Eine der frühesten Kindheitserinnerungen, die er niemals vergessen sollte, waren Worte, die sein Vater einer Litanei ähnlich ständig wiederholte, nachdem die Mutter ihre Koffer gepackt und die Familie verlassen hatte: »Heirate niemals die Erstbeste, Junge! Niemals! Hörst du!«

In einem Aufsatz setzte Robert mit einer Virtuosität auseinander, die man von einem Fünftklässler nicht erwarten konnte, warum ein Mann sich hüten sollte, überhaupt jemals zu heiraten. Die Lehrerin, die über die Familienverhältnisse im Bilde war, vermutete zu Recht, dass der Vater hinter den Gedanken des Jungen steckte und wies ihn und dadurch seinen Vater zurecht. Sie schärfte ihm ein, nicht viel von Frauen zu verstehen und betonte, dass man von einer nicht gleichsam auf alle schließen könne.

Robert fühlte sich missverstanden und versuchte sich verständlich zu machen. Seine Lehrerin beharrte jedoch auf ihrer Ansicht und ließ eine Richtigstellung nicht zu. Indem sie Vater und Sohn gleichermaßen tadelte, fühlte sich Robert ob dieser ungerechten Behandlung noch stärker seinem Vater verpflichtet. Mehr noch: die Lehrerin wurde zum perfekten Exempel und Experimentierfeld einiger nicht immer ernst gemeinter Äußerungen seines Vaters, der, obwohl seine Frau ihn sitzen gelassen hatte, weder seinen Humor verlor, noch die Liebe zu den Frauen. Doch Roberts Vater, oft bis in den späten Abend und auch an den Wochenenden mit seinen Geschäften befasst, bemerkte nicht, dass sein Sohn seine Worte ernster nahm, als gut gewesen wäre.

Schließlich erreichte Robert das Alter, in dem er sich für Mädchen zu interessieren begann. In dem Maße, wie er von den dunklen, geheimnisvollen Augen einer Mitschülerin angezogen wurde, traten die Unmittelbarkeit seines Vaters und all die Worte sowie die Ratschläge, die er seinem Sohn jemals in Puncto Frauen gegeben hatte, in den Hintergrund. Erst viel später, als er bereits studierte, als weitere Erfahrungen sein Denken und Empfinden beeinflussten und veränderten und er genau das tat, was er Paul eben erst geraten hatte, nämlich sich mit sich selbst und seinen Mitmenschen auseinanderzusetzen, begegnete er den Einflüsterungen seines Vaters in einem Winkel seines Geistes wieder, wo er sie nicht vermutet hätte. Ungewollt vermischten sie sich mit der Wirklichkeit, in der er lebte, und legten sich wie ein Filter auf seinen Blick. Obwohl sein Leben nicht das seines Vaters war, obwohl Vater und Sohn zwei ganz und gar verschiedene Menschen waren, mengte sich auf diese Weise ein kleiner, jedoch bedeutender und – wie sich herausstellen sollte – äußerst einflussreicher Teil der väterlichen Persönlichkeit, des väterlichen Charakters und der väterlichen Ansichten in Roberts Persönlichkeit und Leben.

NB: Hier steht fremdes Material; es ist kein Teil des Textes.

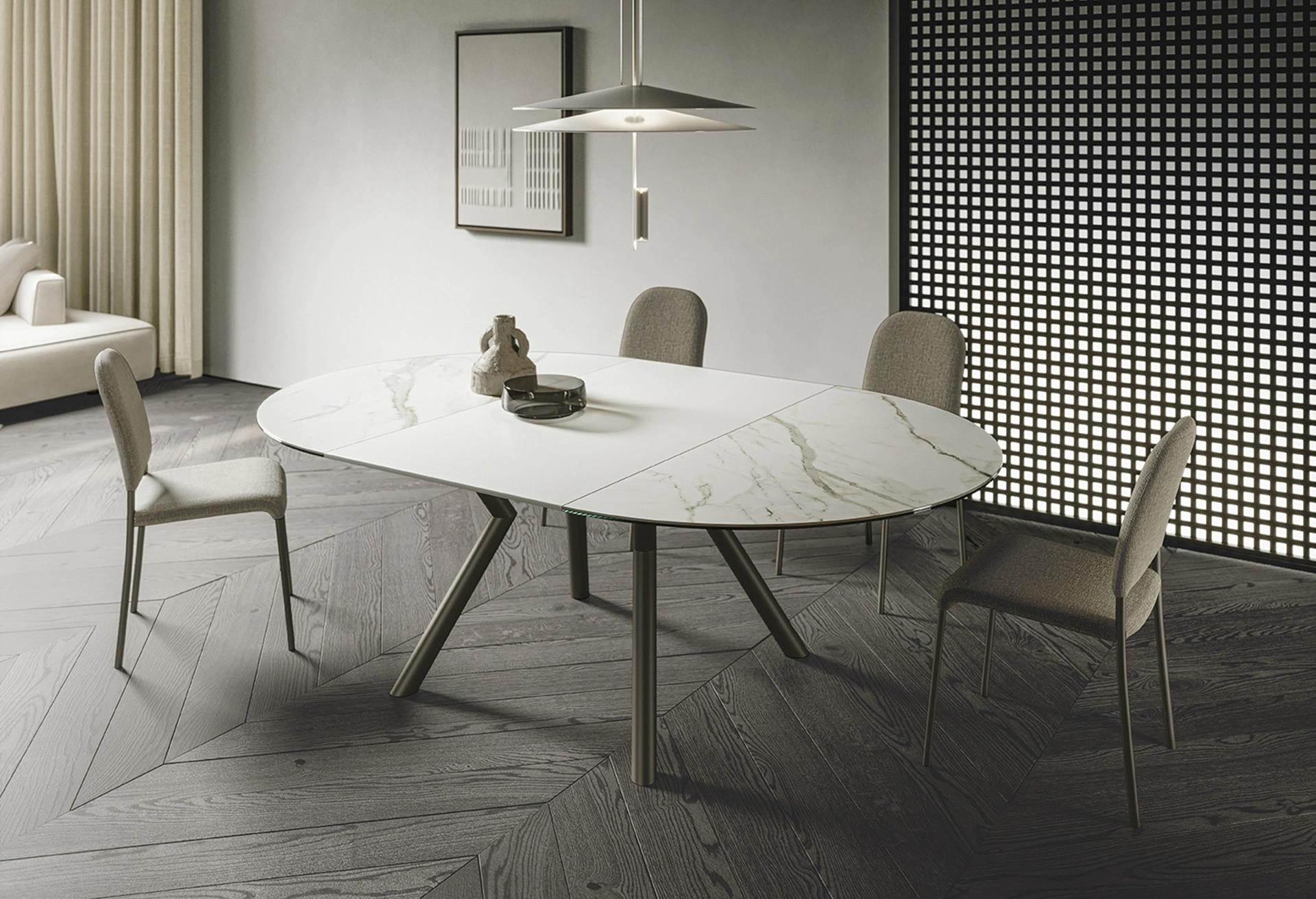 L'esclusivo brand Sedit presenta una ricca gamma di Tavoli da pranzo allungabili, tra cui anche quelli ideali per arricchire ottimamente locali moderni. Se desideri assicurarti un elevato contenuto estetico negli ambienti domestici, ma vuoi anche rendere gli ambienti agibili e confortevoli, allora le nostre soluzioni fanno per te. Un tavolo che si rispetti deve essere in materiali pregiati, in modo che sia resistente e preservi negli anni le doti estetiche che lo contraddistinguono. Tavolo rotondo allungabile Oliver di Sedit: nel nostro punto vendita ti attende una scelta quasi infinita di composizioni arredative di grande design. Uno tra i nostri modelli di Tavoli allungabili sarà in grado di arricchire il tuo progetto d'arredo con funzionalità e stile.

Als ihm dies bewusst wurde, setzte er alles daran, diesen Überbleibseln längst vergangener Zeiten nicht allzu viel Zeit und Raum in seiner geistigen Welt zu überlassen. Obschon das Verhältnis zu seinem Vater durch nichts belastet war, wollte er lieber seine eigenen Gedanken denken und sein eigenes Leben leben. Er fühlte sich alt genug, um auf eigenen Beinen zu stehen. Sein Vater hatte sich lange um ihn gekümmert, doch nun war er den Kinderschuhen entwachsen.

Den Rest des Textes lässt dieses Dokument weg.